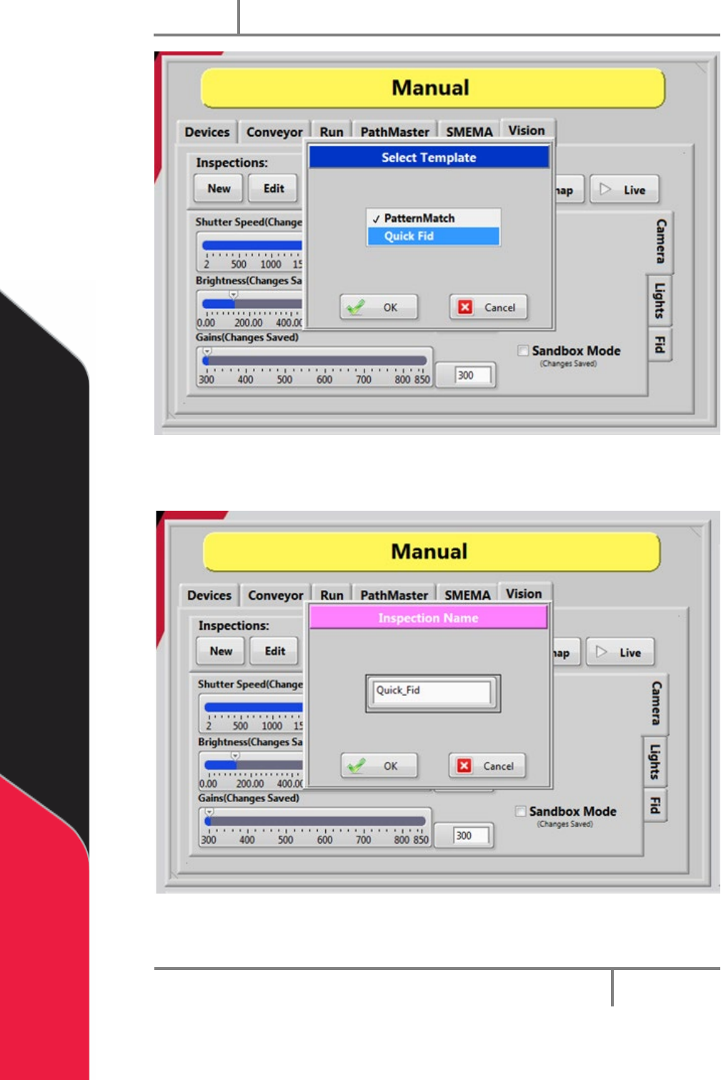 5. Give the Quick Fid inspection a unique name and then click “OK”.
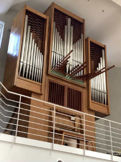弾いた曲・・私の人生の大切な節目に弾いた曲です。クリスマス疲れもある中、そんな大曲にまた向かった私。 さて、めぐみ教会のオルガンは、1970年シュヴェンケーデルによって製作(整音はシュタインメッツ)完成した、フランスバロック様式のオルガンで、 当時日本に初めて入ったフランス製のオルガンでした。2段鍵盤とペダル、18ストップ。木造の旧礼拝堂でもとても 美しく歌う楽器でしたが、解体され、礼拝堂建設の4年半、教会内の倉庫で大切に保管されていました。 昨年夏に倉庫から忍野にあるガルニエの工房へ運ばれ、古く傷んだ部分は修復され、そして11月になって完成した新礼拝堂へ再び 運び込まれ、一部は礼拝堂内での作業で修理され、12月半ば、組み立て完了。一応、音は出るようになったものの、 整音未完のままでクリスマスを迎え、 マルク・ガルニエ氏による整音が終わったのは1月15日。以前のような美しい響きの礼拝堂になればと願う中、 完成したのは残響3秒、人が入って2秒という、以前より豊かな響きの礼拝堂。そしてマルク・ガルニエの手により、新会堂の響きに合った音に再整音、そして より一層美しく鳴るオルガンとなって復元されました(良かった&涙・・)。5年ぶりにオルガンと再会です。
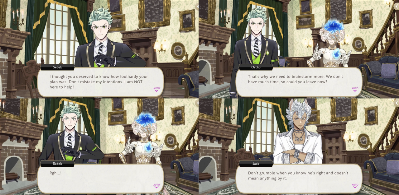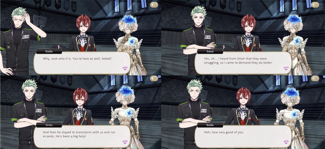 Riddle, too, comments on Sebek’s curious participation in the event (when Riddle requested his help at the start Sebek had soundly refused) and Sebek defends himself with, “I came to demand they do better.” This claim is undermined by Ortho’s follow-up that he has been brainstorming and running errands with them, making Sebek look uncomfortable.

* * * * * * *

Prompt
Omit every picture while copying the listing above exactly.

Task response
 5. Give the Quick Fid inspection a unique name and then click “OK”.
弾いた曲・・私の人生の大切な節目に弾いた曲です。クリスマス疲れもある中、そんな大曲にまた向かった私。 さて、めぐみ教会のオルガンは、1970年シュヴェンケーデルによって製作(整音はシュタインメッツ)完成した、フランスバロック様式のオルガンで、 当時日本に初めて入ったフランス製のオルガンでした。2段鍵盤とペダル、18ストップ。木造の旧礼拝堂でもとても 美しく歌う楽器でしたが、解体され、礼拝堂建設の4年半、教会内の倉庫で大切に保管されていました。 昨年夏に倉庫から忍野にあるガルニエの工房へ運ばれ、古く傷んだ部分は修復され、そして11月になって完成した新礼拝堂へ再び 運び込まれ、一部は礼拝堂内での作業で修理され、12月半ば、組み立て完了。一応、音は出るようになったものの、 整音未完のままでクリスマスを迎え、 マルク・ガルニエ氏による整音が終わったのは1月15日。以前のような美しい響きの礼拝堂になればと願う中、 完成したのは残響3秒、人が入って2秒という、以前より豊かな響きの礼拝堂。そしてマルク・ガルニエの手により、新会堂の響きに合った音に再整音、そして より一層美しく鳴るオルガンとなって復元されました(良かった&涙・・)。5年ぶりにオルガンと再会です。
 Riddle, too, comments on Sebek’s curious participation in the event (when Riddle requested his help at the start Sebek had soundly refused) and Sebek defends himself with, “I came to demand they do better.” This claim is undermined by Ortho’s follow-up that he has been brainstorming and running errands with them, making Sebek look uncomfortable.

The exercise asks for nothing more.